Hierarchical Reinforcement Learning with Targeted Causal Interventions
This work addresses the problem of training efficiency in HRL for long-horizon tasks with sparse rewards, representing an incremental advance by integrating causal modeling into existing HRL frameworks.
The paper tackles the challenge of efficiently discovering hierarchical structures in hierarchical reinforcement learning (HRL) by modeling subgoals as a causal graph and using targeted interventions based on causal importance, resulting in significant improvements in training cost, with notable gains on tree structures and Erdős-Rényi random graphs.

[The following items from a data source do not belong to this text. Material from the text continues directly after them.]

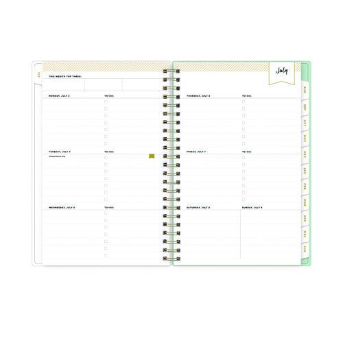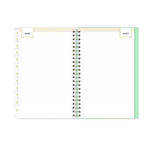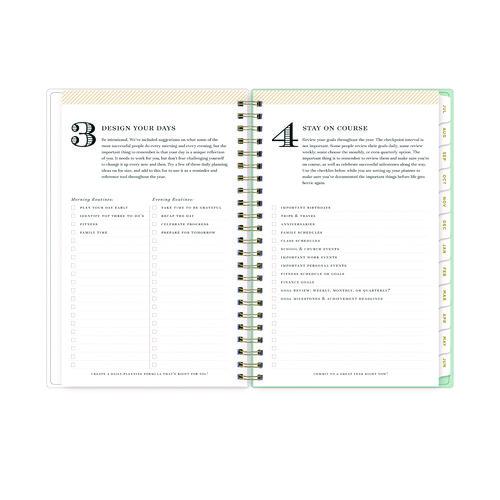 Find the balance and focus needed to increase your productivity throughout the school year. Elegant planner simplifies planning and organization with a four-step guide to success and everything you need to keep your days, weeks and months on track, while its Secret Garden Mint floral artwork features a sylvan design and a softer pastel color palette to help you maintain a tranquil outlook. The tabbed monthly section features two-page spreads with ruled blocks, past/future-month reference blocks and a checklist on the left for Notes & To-Dos. The weekly section also features two-page spreads, but with a twist. Monday through Friday features a two-column layout with open appointment scheduling on the left and a checklist for To-Dos on the right. Saturday and Sunday feature a simplified system to accommodate special events and general notes. In the back of the book, a robust ruled notes section provides extra space for lists, event-planning and more. Thick, premium paper delivers smooth writing performance with excellent ink-bleed resistance, and the book's twin-wire binding offers easy page-turning while securely keeping the cover and contents in place.Note: This is a non-returnable item.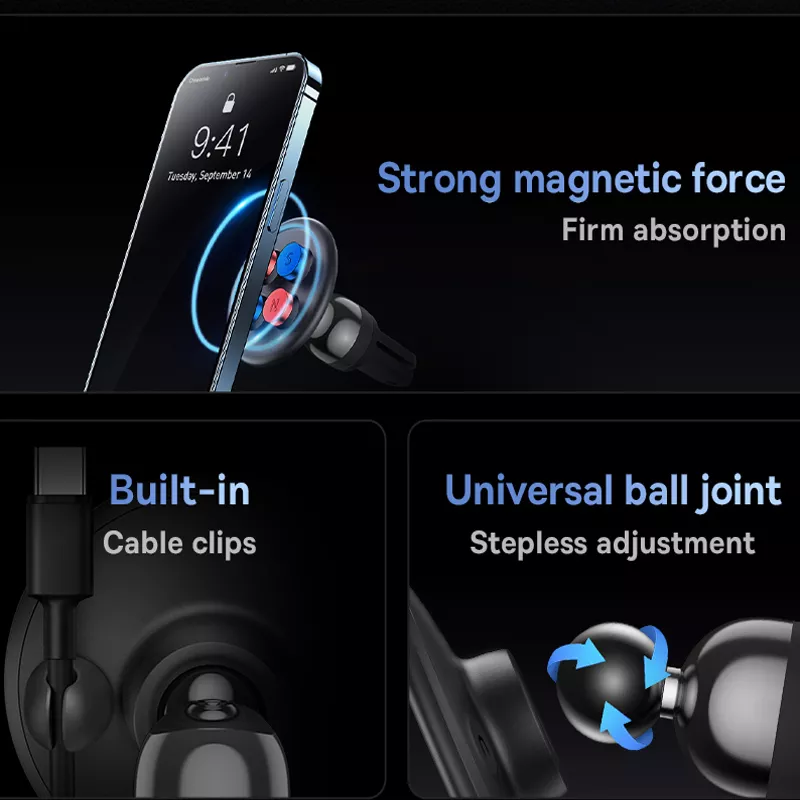 The fact that this holder comes with built-in magnetic cable clips just shows how thoughtful the design is. No more tangled cords — everything stays neat and within reach all the time!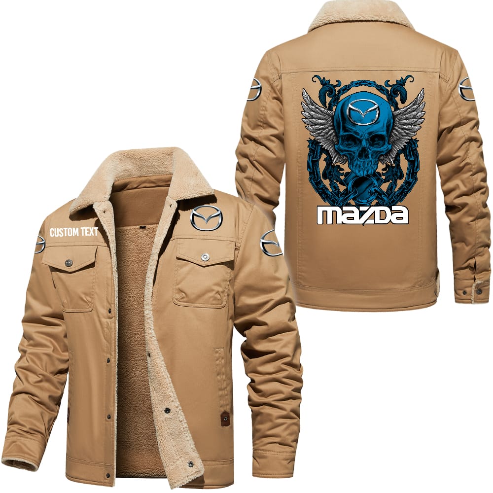 Mazda Custom Name Skull Design Cargo Fleece Lined Cotton Jacket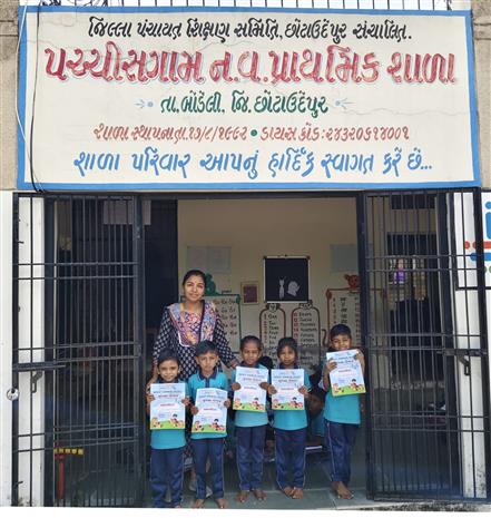 Distribution of Balvatika Books to Pachhisgam Primary School, Pachhisgam, Chhotaudepur. Total 5 Books were distributed to kids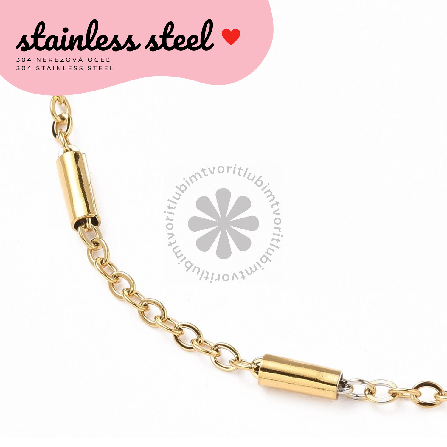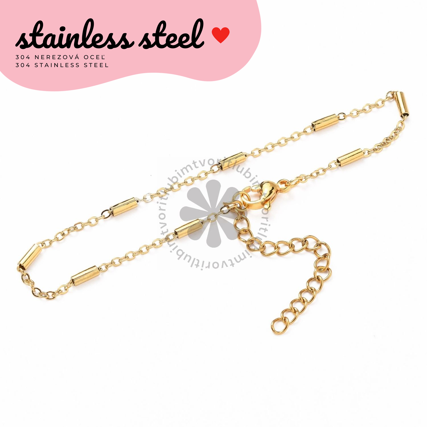 Štýlový náramok zlatej farby z nehrdzavejúcej ocele 304 s moderným dizajnom a tubusovými korálkami. Povrchová úprava pomocou ion platingu (IP), ktorý je súčasťou procesu PVD (Physical Vapor Deposition), zaručuje vysokú odolnosť voči oderu, poškriabaniu a černeniu. Náramok si tak dlhodobo zachová svoj lesk a sýtu farbu a je vhodný na každodenné nosenie pre ženy aj mužov.
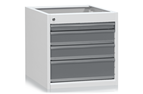 Samtliga våra verkstadshurtsar har kullagerexpansioner med 100% utdragbarhet, lådor med integrerat handtag i bockad stålplåt och stomme med centrallås som låser alla lådor. Det är även möjligt att montera lådspärr med individuell låsning på varje låda vid behov. Lastkapacitet 45 kg fördelad vikt vid montering i bordsskiva.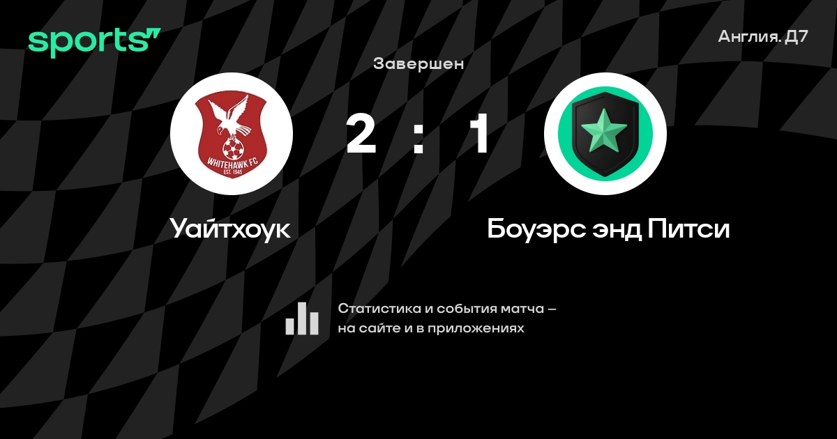 Результат прошлой игры в турнире «Д7. Нон-лиг Премьер-лига»: Далвич Хэмлет – Уайтхоук 3:3. После 3 туров Уайтхоук набирает 1 очков и занимает 21 место в турнире. Уайтхоук не может выиграть в 3 последних матчах в рамках турнира «Д7. Нон-лиг Премьер-лига». Уайтхоук пропускает в 4 последних матчах в турнире «Д7. Нон-лиг Премьер-лига». В последних 5 играх Уайтхоук забивает 9 голов. В последних 5 играх Уайтхоук пропускает 13 голов.
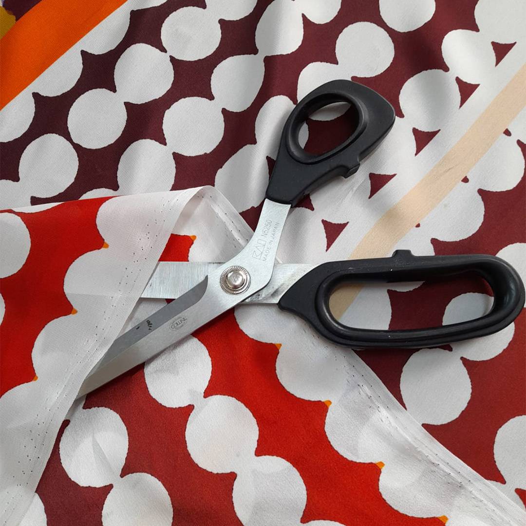 L’interazione tra la lucentezza del raso e i disegni astratti crea un effetto visivo dinamico, dove i riflessi cambiano a seconda della luce e del movimento del tessuto.
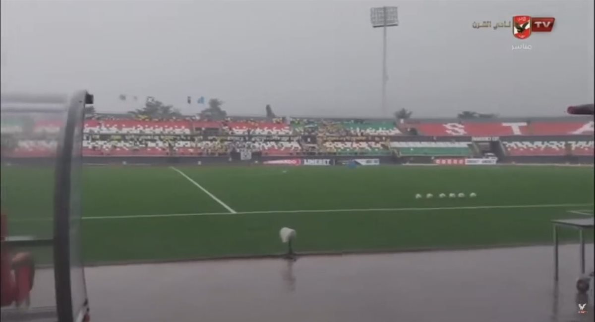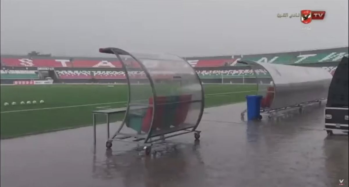 سقوط أمطار غزيرة على ملعب مباراة الأهلي وإيجل نوار البوروندي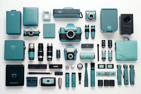 Vintage Analog World Camera - Knolling Concept for Retro Lifestyle and Photography Enthusiasts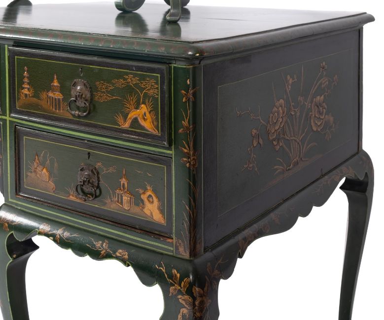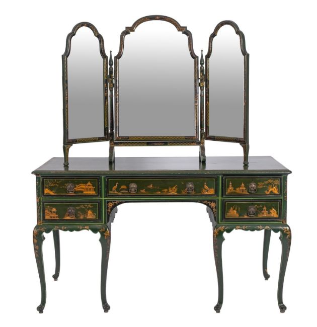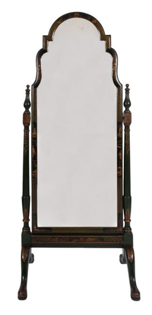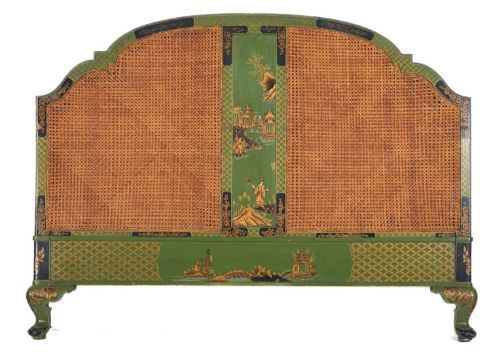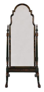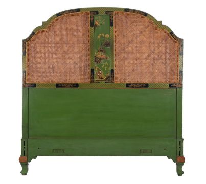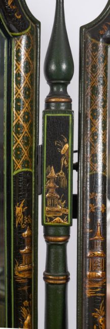 A suite of green painted and lacquered wood bedroom furniture in George II taste, late 20th century, all decorated in Chinoiserie style, comprising: a dressing table, 80cm high, 140cm wide; a tripartite table mirror, 87cm high; a cheval mirror, 183cm high; and the caned head and footboards of a double bed, 143cm high, 140cm wide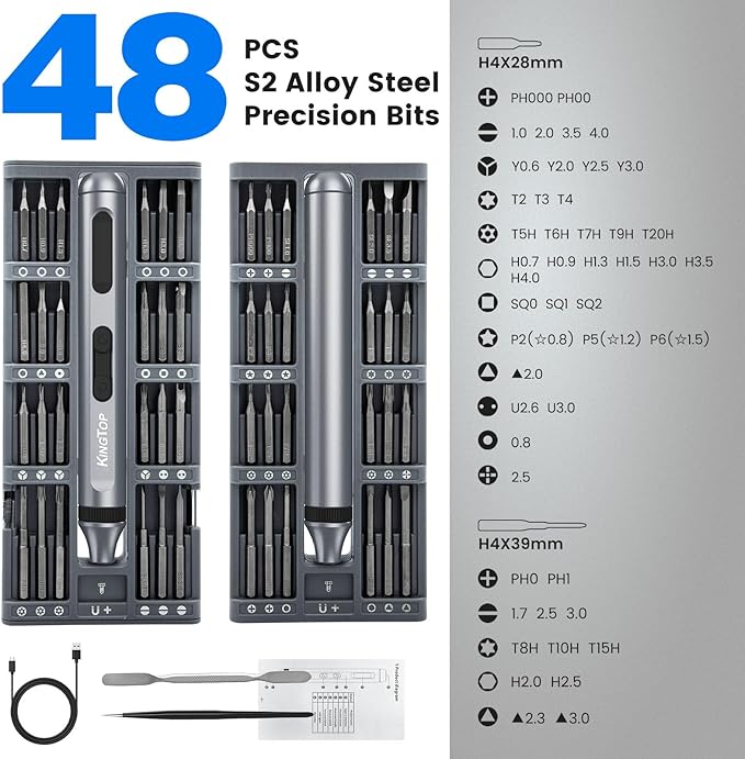 - 48‑Piece precision screwdriver set featuring S2 steel magnetic bits and compatible with Phillips, slotted & Torx sizes, plus an ergonomic pop‑up case for organized storage.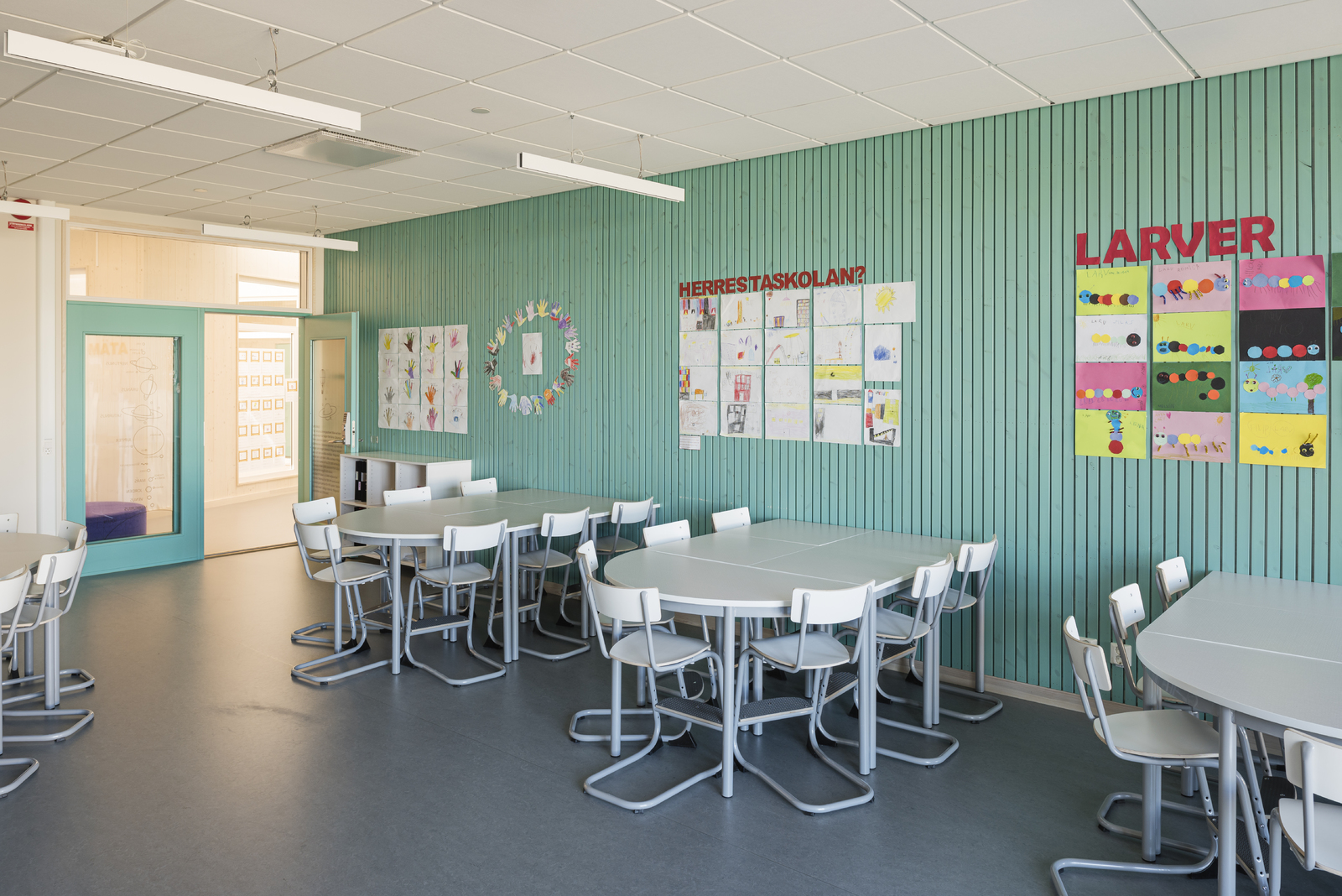 Herrestaskolan i Järfälla kommer att bli Sveriges första skola med miljöcertifieringen Guld. Interiörpanelen är PEFC-certifierad Trend Furu som är laserad i olika kulörer vilket ger varje rum en unik känsla och karaktär.

Hierarchical reinforcement learning (HRL) improves the efficiency of long-horizon reinforcement-learning tasks with sparse rewards by decomposing the task into a hierarchy of subgoals. The main challenge of HRL is efficient discovery of the hierarchical structure among subgoals and utilizing this structure to achieve the final goal. We address this challenge by modeling the subgoal structure as a causal graph and propose a causal discovery algorithm to learn it. Additionally, rather than intervening on the subgoals at random during exploration, we harness the discovered causal model to prioritize subgoal interventions based on their importance in attaining the final goal. These targeted interventions result in a significantly more efficient policy in terms of the training cost. Unlike previous work on causal HRL, which lacked theoretical analysis, we provide a formal analysis of the problem. Specifically, for tree structures and, for a variant of Erdős-Rényi random graphs, our approach results in remarkable improvements. Our experimental results on HRL tasks also illustrate that our proposed framework outperforms existing work in terms of training cost.